Poverty is the constraint: Farmers are well aware of their private benefits from green water management - but they need immediate as well as long-term returns for their labour and material inputs. Where farmers are poor, with limited access to markets and low prices for their produce, poverty drives a preference for shortterm returns – so that the short-term cost of green water management outweighs any long-term private benefits. Further incentives are needed for farmers to adopt and maintain best practice.

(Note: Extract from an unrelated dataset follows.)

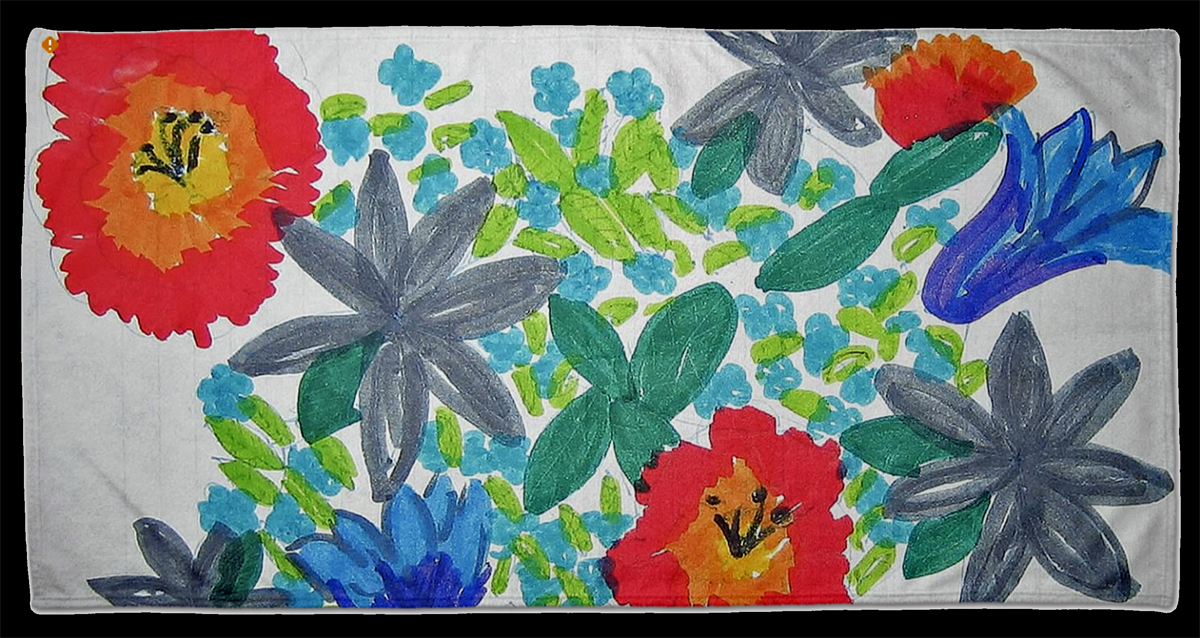 I still favor a single large image on the towel. I can never resist using a child’s drawing that deserves more than a place on the refrigerator or bulletin board. What a great way to be reminded of how talented and darling your children can be! A collage of family photos would be fun too!

Green Water Credits bridge the incentive gap: Quite small, regular payments by downstream water users enable farmers to adopt sustainable management of land and water; at the same time, they combat rural poverty by diversifying income. This is a particular case of Payments for Environmental Services.

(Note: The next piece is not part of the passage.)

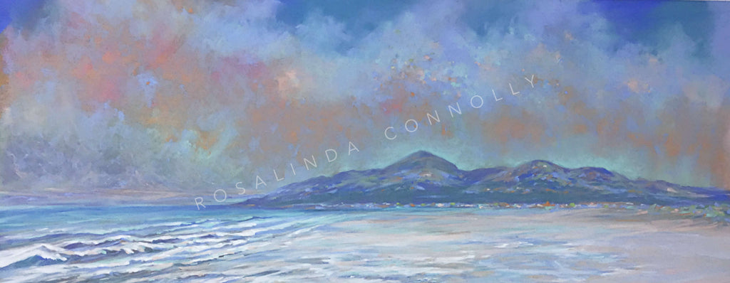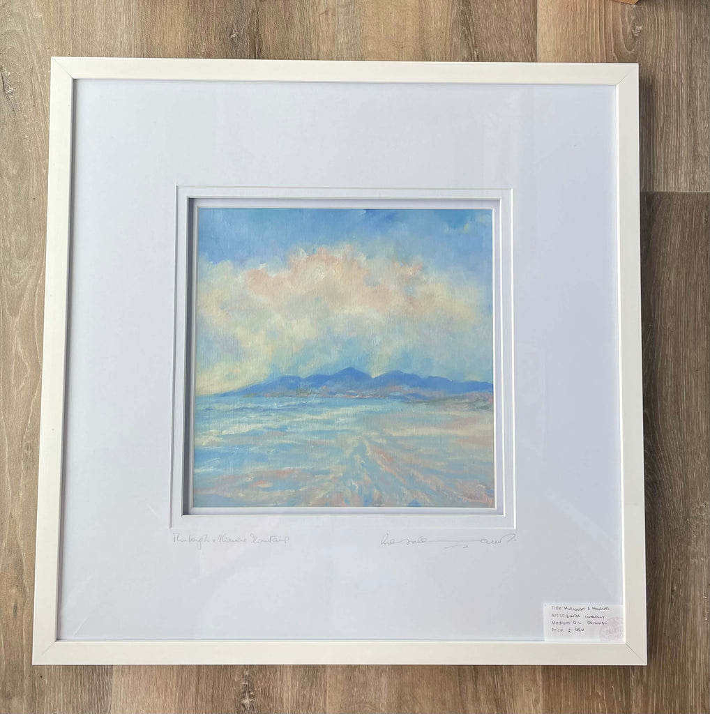 Linda is quietly drawn toward seascapes, though her work also often features our stunning Mourne Mountains. There is a great balance of the sea's energy in her paintings and a sense of calm and serenity. They have been exceptionally popular in the shop and we are thrilled to now offer them online.

How are Green Water Management and Green Water Credits different from soil and water conservation as it has been practised for half a century? Generations of effort in soil and water conservation has made no appreciable difference to the degradation of land and water resources in most parts of the world because:
• It was never financially viable
• Soil conservation has been handled by agricultural extension services, in isolation from water policy; it was seen as a benefit to farmers
• Water management has been undertaken in isolation from land management by engineers and public utilities, concentrating on the very limited, easily-abstracted stream flow and groundwater- blue water
• Green Water Management deals with water at source and flowing through the landscape; with rainfall; with green and blue water together
• Green Water Credits is a financial mechanism in which the downstream users strike a deal with upstream land and water managers to maintain the resource and mitigate floods and droughts. Correcting the present market failure makes best practice financially viable. It also is the most practicable adaptation to climate change.
Operational steps
• Assess existing land and water rights and competing claims on the water resource.

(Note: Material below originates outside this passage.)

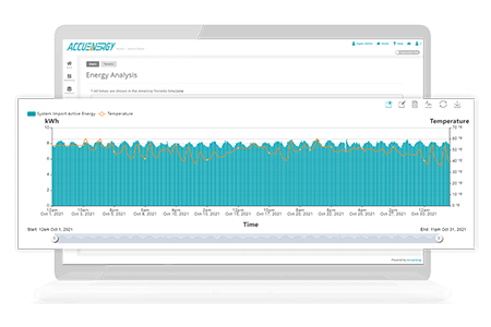 View the energy consumption for a given time frame or easily compare one time frame to another. Compare kWh consumption data against local temperature to accurately correlate energy usage and spot important trends, then export as an image for easy report creation or download as a CSV file to integrate into other datasets.

• Assess the water resource, its value in all its competing uses, the costs of mismanagement, the extent to which green water management can optimize the resource, and the costs of this management.
• Establish a platform for negotiation between interested parties; ensure that each is well informed; seek optimum allocation; agree on a fair price
• Establish a mechanism for collection and payment of credits, verification of claims, and settlement of disputes. Payments may be financed by a mix of water users and public utilities, insurers, and general taxation.
Potential ways to monetize water credits:
Sell them to water utilities. Water utilities can use water credits to offset their water usage requirements, which can help them reduce their costs. Utilities may be willing to pay a premium for water credits from credible sources.
Use them to purchase goods or services. Some businesses and organizations may be willing to accept water credits as payment for goods or services. This could be a way to earn money from water credits without having to sell them to a water utility.
Use them to offset taxes. In some jurisdictions, water credits may be eligible for tax credits or deductions. This could provide another way to save money on taxes.
Use them to invest in renewable energy projects. Some companies are developing projects that use water credits to finance renewable energy projects. This could be a way to support renewable energy while also monetizing water credits.
The specific opportunities for monetizing water credits will vary depending on the location and market conditions. However, the potential is there to generate revenue from these valuable assets.